Variable	Description
caseid	integer ID of the respondent
prglngth	integer duration of the pregnancy in weeks
outcome	integer code for the outcome of the pregnancy, with a 1 indicating a live birth
birthord	serial number for live births; the code for a respondent’s first child is 1, and so on. For outcomes other than live birth, this field is blank

Questions

This homework assignment revolves around answering the following question using this dataset:

Do first born children either arrive early or late when compared with non-first-borns?

The questions in this assignment will guide you through the process of answering this question using statistical inference.

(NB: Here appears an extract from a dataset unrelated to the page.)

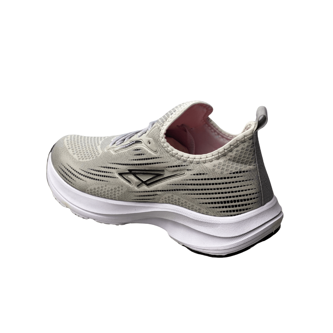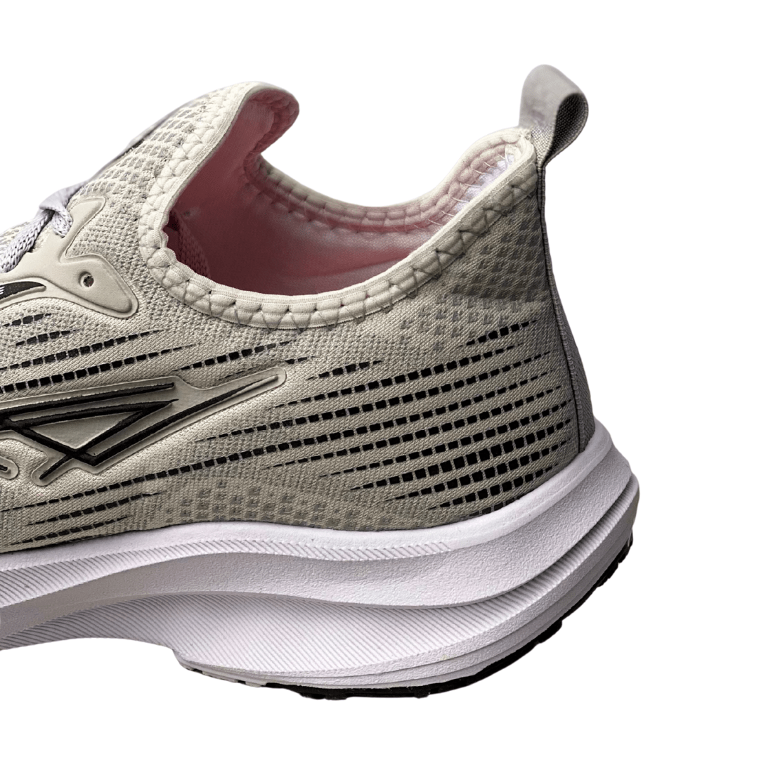Cabedal: Knit ou tecido sintético em tom Cinza Claro/Bege, com listras em tom mais escuro.
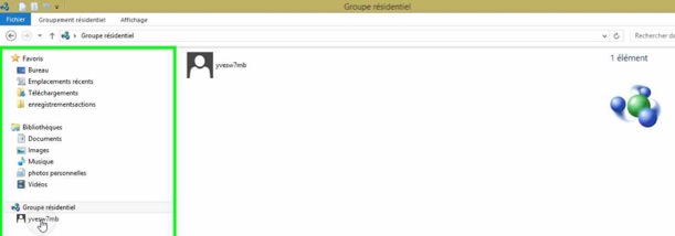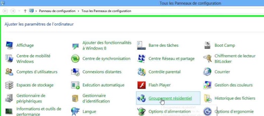 Depuis le panneau de configuration du PC cliquez sur groupement résidentiel.

Addressing the question “do first born children either arrive early or late when compared with non-first-borns?” means that we should only consider live births in the dataset. Filter the dataset so that it only contains outcomes with live births and assign this result to the variable live_births.

Next, we need to label all births in live_births as either “first” or “other” so that we can easily find the children that are first borns and the ones that are not. There are a couple of different ways that you can label the births:
- Split the dataset into two parts, a first_births dataset and an other_births dataset. Do this by applying a filter to extract the first births, then use mutate() to create a new column called birth_order that labels these rows as “first”. Then repeat this process, except apply a filter to extract all other births and label those as “other” in birth_order. To recombine the datasets into one, use bind_rows().
- Use ifelse() with mutate() to create the birth_order column and the “first” and “other” labels. You can also try using case_when() instead of ifelse() to accomplish this. If you do it this way, you won’t need to use bind_rows().
After labeling the births, remove the extraneous variables from the tibble leaving just the prglngth and birth_order columns. Assign the resulting tibble to a variable named pregnancy_length.
Take the pregnancy_length dataset and plot a probability mass function (PMF) histogram of the pregnancy length in weeks that shows “first” births and “other” births on the same plot. Choose a reasonable binwidth for the histogram and add coord_cartesian(xlim = c(27, 46)) to your plot so that the window focuses where most of the data is. After creating the plot, describe the shape, center, and spread of the two distributions. Based on the visualization, do you think the data looks like it supports the statement that “first born children either arrive early or arrive late when compared with non-first-borns”?
Group the variable prglngth into “first” and “other” births and compute the summary statistics (mean, median, standard deviation, inter-quartile range, minimum, maximum) for each group. How do the different summary statistics compare between the two distributions? Does it look like there may be a notable difference between the two distributions? Explain.
Create theoretical quantile-quantile (q-q) plots to determine whether the pregnancy length distributions for “first” and “other” births are nearly normal. You should make separate q-q plots for “first” births and “other” births (i.e. you should end up with two plots).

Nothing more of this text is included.